The required output is the stretch from the line containing "salsa, queso, tomate, aceitunas, anchoas." through the line containing "Golden Decorative Food" in the records below, unaltered and with no pictures.

_Material provided_
....

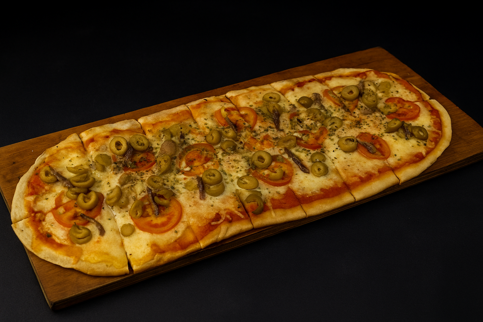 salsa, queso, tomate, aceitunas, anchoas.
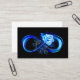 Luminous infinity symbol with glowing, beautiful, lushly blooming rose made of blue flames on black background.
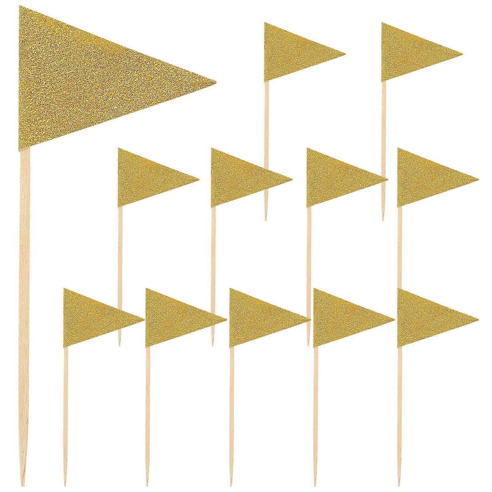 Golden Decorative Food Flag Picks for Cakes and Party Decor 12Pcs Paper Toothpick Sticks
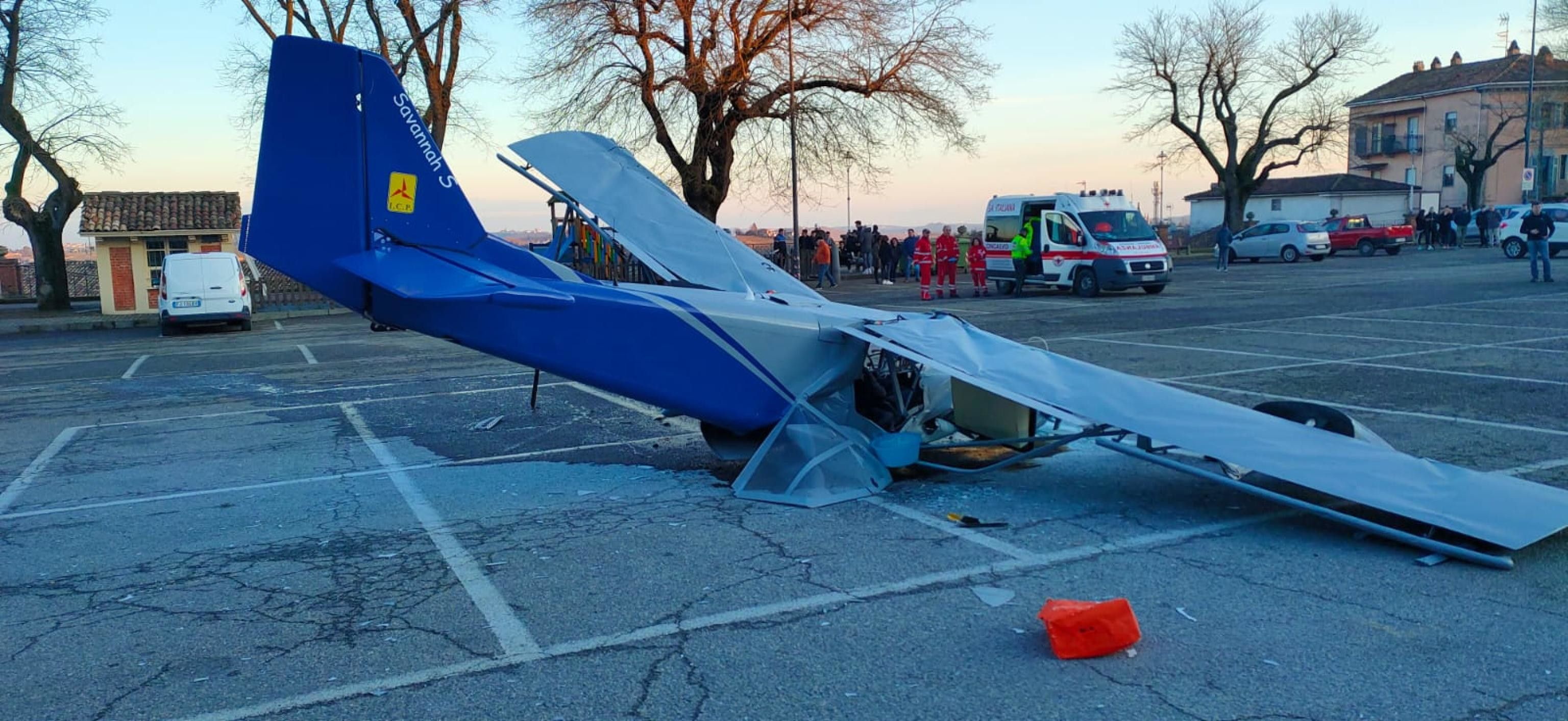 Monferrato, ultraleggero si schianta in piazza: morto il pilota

....

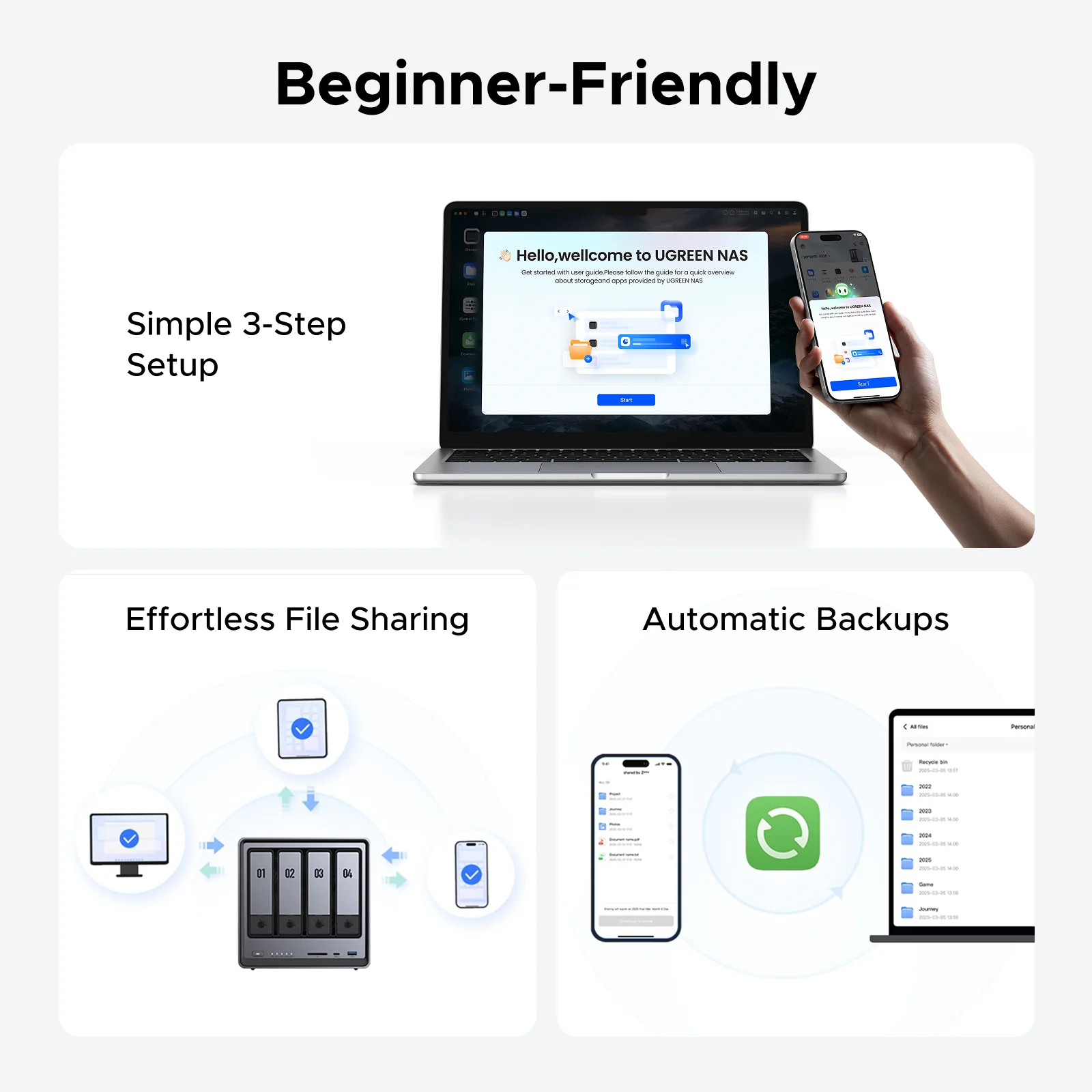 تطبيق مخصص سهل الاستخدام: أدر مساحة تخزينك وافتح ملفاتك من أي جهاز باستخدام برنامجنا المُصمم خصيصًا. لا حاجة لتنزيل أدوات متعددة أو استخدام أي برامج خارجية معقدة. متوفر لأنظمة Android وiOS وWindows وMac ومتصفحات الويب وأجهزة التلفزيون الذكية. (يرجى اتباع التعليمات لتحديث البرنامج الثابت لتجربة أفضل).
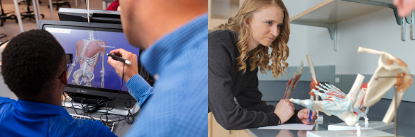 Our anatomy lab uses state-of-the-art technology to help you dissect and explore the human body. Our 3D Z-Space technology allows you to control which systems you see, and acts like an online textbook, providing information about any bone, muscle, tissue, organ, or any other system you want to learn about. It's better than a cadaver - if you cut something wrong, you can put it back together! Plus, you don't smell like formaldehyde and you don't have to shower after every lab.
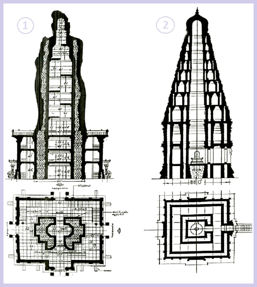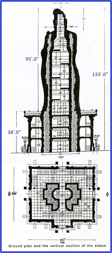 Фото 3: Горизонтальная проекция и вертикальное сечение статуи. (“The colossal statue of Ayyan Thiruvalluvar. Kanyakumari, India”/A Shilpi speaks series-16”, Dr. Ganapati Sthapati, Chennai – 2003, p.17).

....

_Written answer_
 salsa, queso, tomate, aceitunas, anchoas.
 Luminous infinity symbol with glowing, beautiful, lushly blooming rose made of blue flames on black background.
 Golden Decorative Food Flag Picks for Cakes and Party Decor 12Pcs Paper Toothpick Sticks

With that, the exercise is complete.